As the saying goes, the truth doesn’t need a good memory. I don’t believe she’s ever told the truth, and I’m not among those who continue to believe that something traumatic “had to have” happened to her that night. In fact, I personally doubt she had a prearranged date that night at all. If she went somewhere alone and was picked-up by a guy she didn’t know at all, she might have had a negative experience that she considered to be date rape. But that story wouldn’t make her a total victim; she would have placed herself in a potentially dangerous situation that had nothing to do with a “rape culture” on campus. No story that failed to match the rape culture storyline was going to get top billing.
As far as her original claim that she was “forced” to perform oral sex on 5 guys, I wish someone would explain to me how that worked. Was she threatened with a beating?
Speaking for myself, I’d rather be beaten than perform non-consensual oral sex on one man, much less 5. In any event, as long as I’ve got a full set of teeth, anyone trying to force me to perform oral sex would be putting himself in imminent danger. If there were 5 guys in the room to start with, there only be one left after the first few seconds, and he’d be on the floor, writhing in pain.
12/15/2014 8:24 pm
Anon @7:55 — I looked at the FB site and you’re absolutely correct.
What someone needs to report on is the “hook-up” culture that is pervasive on many campuses. For one of my classes, I’m currently working on a piece about sexual assault allegations made against Florida State University quarterback Jameis Winston, and what I’ve learned about the hook-up culture down there is, I suspect, a national epidemic.
In the hundreds of pages of documents that have been released so far, Winston’s accuser, in a series of text messages with male and female friends: (a) indicates that she prefers hooking to dating; (b) is warned by an older sorority sister against posting a chronicle of her hook-ups, and hook-ups by other pledges, on the sorority’s intranet and; (c) is outed as a member of a “#cleat chasers” — female students looking to hook-up with a baseball player. (Winston is also a baseball player.)
Despite all the foregoing, and much more along the same lines, the MSM has granted her full victim status. There can be no cure for the “rape culture” until the “hook-up culture” is dismantled. But that only leaves (legal) adults responsible for their own actions as actors in these dramas — it precludes the victim/perpetrator story line and therefore is of no interest.
12/16/2014 1:28 am
I hate the “hookup culture!” That at the same time as all the alcohol abuse. Kids today have no moral compass. Or even a common sense compass.

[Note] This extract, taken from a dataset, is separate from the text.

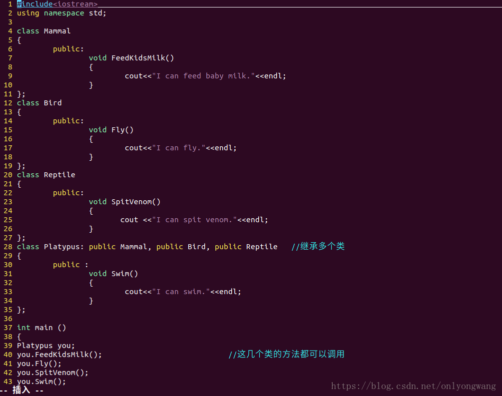 某个类可以继承多个基类,比如鸭嘴兽可以继承哺乳类(喂奶),鸟类(生蛋),爬行类(分泌毒液)。写法也很简单: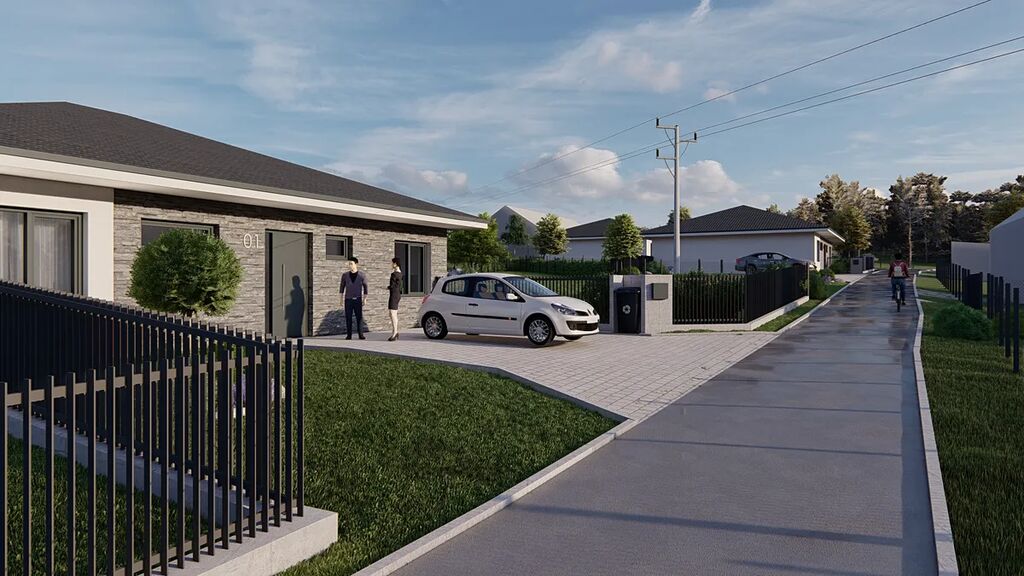 Dům ve výstavbě (nyní ve fázi uzavřené hrubé stavby)fotky jsou vizualizace budoucího stavu. Výhodou včasné rezervace je vlastní výběr barevných odstínů interiéru domu, venkovní dlažby, venkovní stínění (rolety/žaluzie) atd.

How is this “hookup culture” going to be dismantled? Surely only if the kids figure it out on their own or if somebody tells them. How likely is it they’ll figure it out on their own? Who is going to convince them if they don’t figure it out on their own?
12/19/2014 9:23 pm
I feel like all of the things you’ve pointed out in these most recent posts — sloppy journalism from the NY Times, New York, Daily Beast, etc.) are generational. You’re from a different time, when journalists were grownups, media was more serious, and f*ck-ups made national news.
Today it seems like anyone with an iPhone and a blog calls himself a journalist, and standards are dropping. Yippee. Thank goodness all of the twenty-somethings on Twitter will soon be in charge of everything.
Maybe I’m just bitter, but I think the difference between today and decades past is that truły skilled people who knew how to do their jobs efficiently worked in media…now it’s just a bunch of coked-up kids/self-proclaimed journalists posting summaries of Daily Mail articles to Gawker and calling it news.